Dawn sunlight glances down 42nd Street, colliding into Time Square's steel-and-concrete monoliths with the reckless abandon of a suicide. Electric billboards, shining storefronts still dim, and the Chevrolet clock's towering height glows like a Big Ben for the digital age at ten minutes past six.
A dull sandy ache has lodged itself deep behind my eyes after a day without sleep. The peepshow's red-lantern darkness soothes them, New Amsterdam's answer to old Amsterdam's Rosse Buurt or Paris' Quartier Pigalle. As the viewing booth presses me close with its claustrophobic walls drenched in the lion reek of male frustration, I watch feminine flesh, these remote temple priestesses of Lilith gyrating their limbs and rangy svelte bare bodies in fatigued choreography. The softly-clinging crimson glow of low lamps hides more than it shows. Darkness visible.
No luck tonight. No vassal to drag out of the mire, polish, no broken child to reform in my image and make shine like an angel. Easiest to play savior to those closest to Hell, Sons and Daughters of Man desperate for a mere shred of genuine hope. But I harrow this landscape for secret diamond veins—not mute stones and sterile salted earth. I am predator, parasite, subject to my own species of desperation.

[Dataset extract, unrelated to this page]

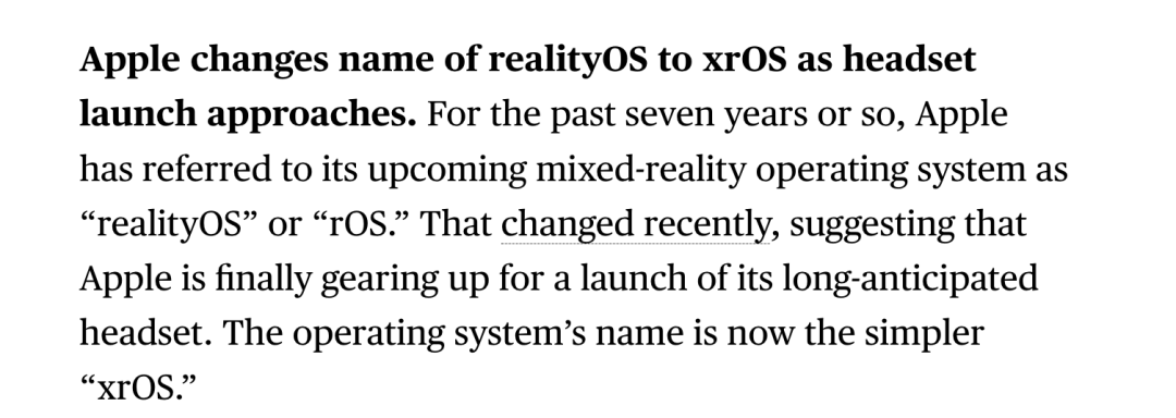 据马克·古曼介绍,在过去的七年研发历程中,苹果都将头显的操作系统命名为realityOS或rOS。但近期,来自内部的消息人士透露,该操作系统名称重新定为“xrOS”。

With nothing to distract me, my mind wanders back to Vega's woman. Peripherally, the girls and their mechanical dance play like broken burlesque music boxes. But I'm seeing Jill Lockhart hit the concrete again and again, a shattered doll, and something about it is familiar, so familiar. I glutted myself watching their violence, Areille and Lockhart striking each other like clumsy she-beasts until blood flowed like water. Breathing it in, drinking the copper-iron Eau de Parfum until it leaves a rust taste across my tongue. I experience a brief moment of satiated pleasure.

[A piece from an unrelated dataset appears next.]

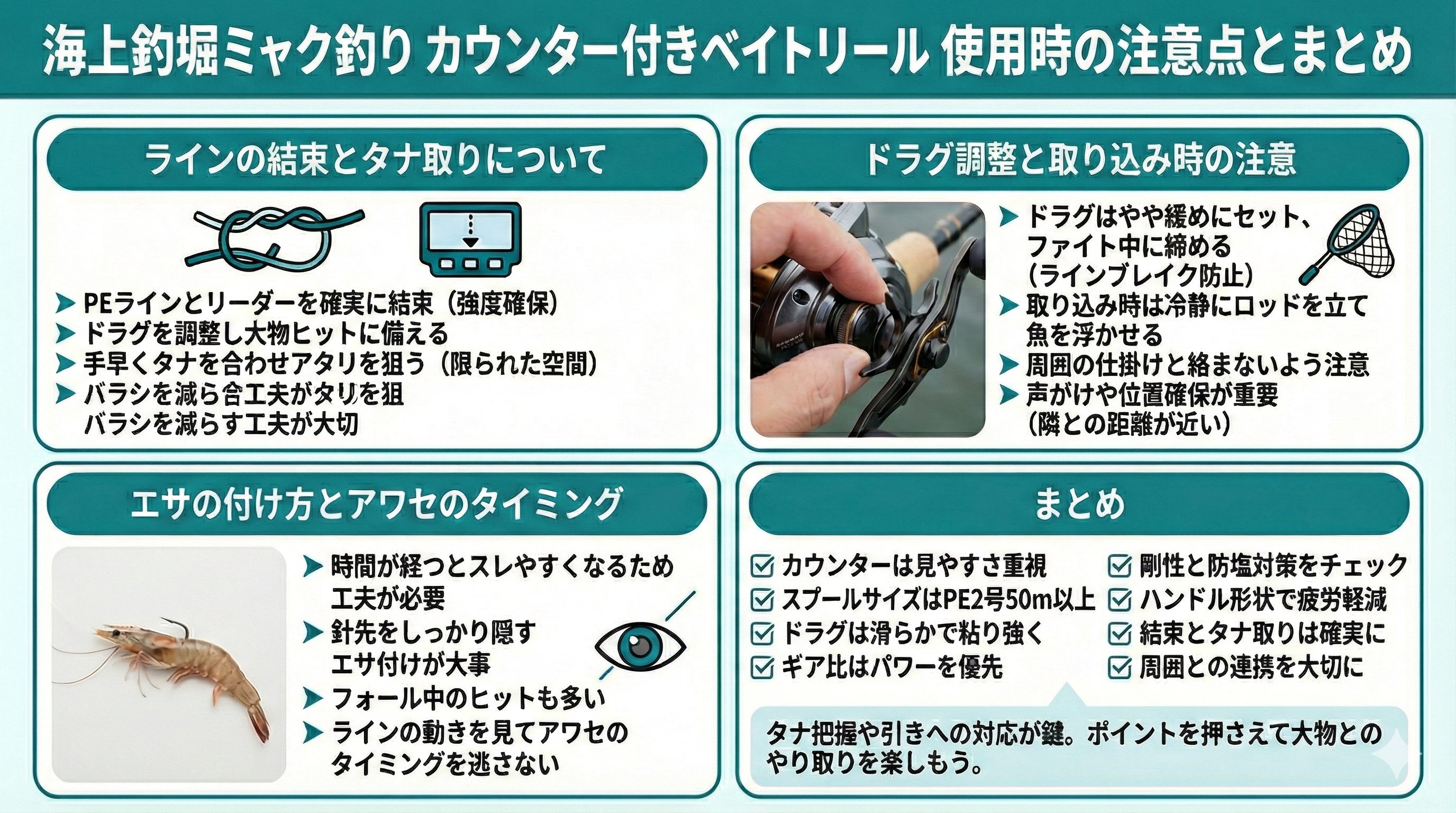 使用時にまず気をつけたいのが、ラインの結束強度とタナ取りの精度です。PEラインとリーダーを確実に結束し、ドラグを調整しておけば、大物がヒットしても安心してファイトできます。海上釣堀は生簀(いけす)の大きさが限られているので、手早くタナを合わせてアタリを狙い、バラシを減らす工夫が大切です。

Thanatos spoiled it. That Snow White should have broken, but she's been transmuted, something in the fragile body or the soul ascending from base lead to noble metal. Won't my dear demon-haunted alchemist be pleased?
As one faceless Babylonian harlot replaces another on the twilit stage with clicking knife-spike heels, I swallow this knowledge like the flesh of bitter fruit—that Jill Lockhart represents an uncontrolled element, one I couldn't predict with all the force of my oracular divining, my vision scattered to the horizons on ravenwing legions. My own lack of foresight maddens me, lashes me into a solitary ghost, and I wander the streets and avenues (empty except for dust and hollow-eyed vagrants) under electric lamps long after midnight. Too restless to stop, too listless to find relief.
She surprised me. And the threads of her life are closely tangled with those of Aden Brande, Marius Vega, the War-Rider. An error, further ignorance could waste all the effortless gains recent days have bestowed on me.
Perhaps I've underestimated the child. Time will prove whether there's diamond at her core, or just more coal for the fire.